Answer:
I think these are it
Explanation:
The amount of current is the same at every point in a series circuit.
All of the parts of a series circuit—power source, wires, and devices—are connected along the same pathway
If one device in a series circuit burns out or is disconnected, the entire circuit is broken
The electrons have multiple pathways to travel.
Each time there is damage (break) in any one of the resistors the entire circuit will not function.
Answer:
2.63*10^23
Explanation:
1 mol rhodium = 102.91
44.8g/1 mol * 1 mol/ 102.91mol * 6.022*10^23/1 mol =
2.63*10^23
?? Is that the whole question?
The balanced equation is 2
AlI
3
(
a
q
)
+
3
Cl
2
(
g
)
→
2
AlCl
3
(
a
q
)
+
3
I
2
(
g
)
.
<u>Explanation:</u>
- Aluminum has a typical oxidation condition of 3+ , and that of iodine is 1- .
Along these lines, three iodides can bond with one aluminum. You get AlI3. For comparable reasons, aluminum chloride is AlCl3.
- Chlorine and iodine both exist normally as diatomic components, so they are Cl2( g ) also, I2( g ), individually. In spite of the fact that I would anticipate that iodine should be a strong.

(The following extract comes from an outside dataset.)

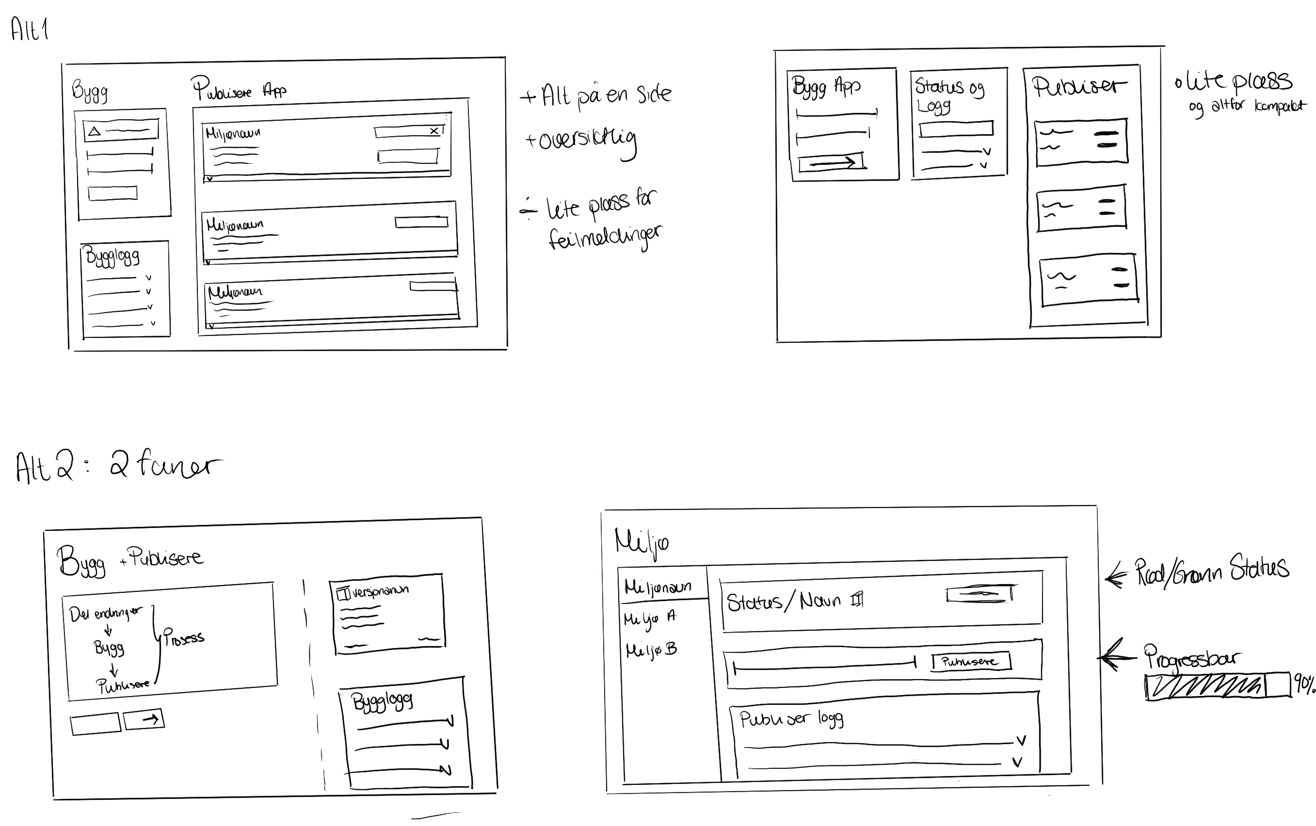 Conceptual sketches and wireframes exploring different ways to structure the deployment flow.

Balancing the equation, we get:
2AlI
3( aq ) + 3Cl2
( g ) → 2AlCl3
( aq )
+ 3
I
2 ( g )
-
Realizing that there were two chlorines on the left, I simply found the basic numerous of 2 and 3 to be 6, and multiplied the AlCl 3 on the right.
-
Normally, presently we have two Al on the right, so I multiplied the AlI 3 on the left. Hence, I have 6 I on the left, and I needed to significantly increase I 2 on the right.
-
We should note, however, that aluminum iodide is viciously receptive in water except if it's a hexahydrate. In this way, it's most likely the anhydrous adaptation broke down in water, and the measure of warmth created may clarify why iodine is a vaporous item, and not a strong.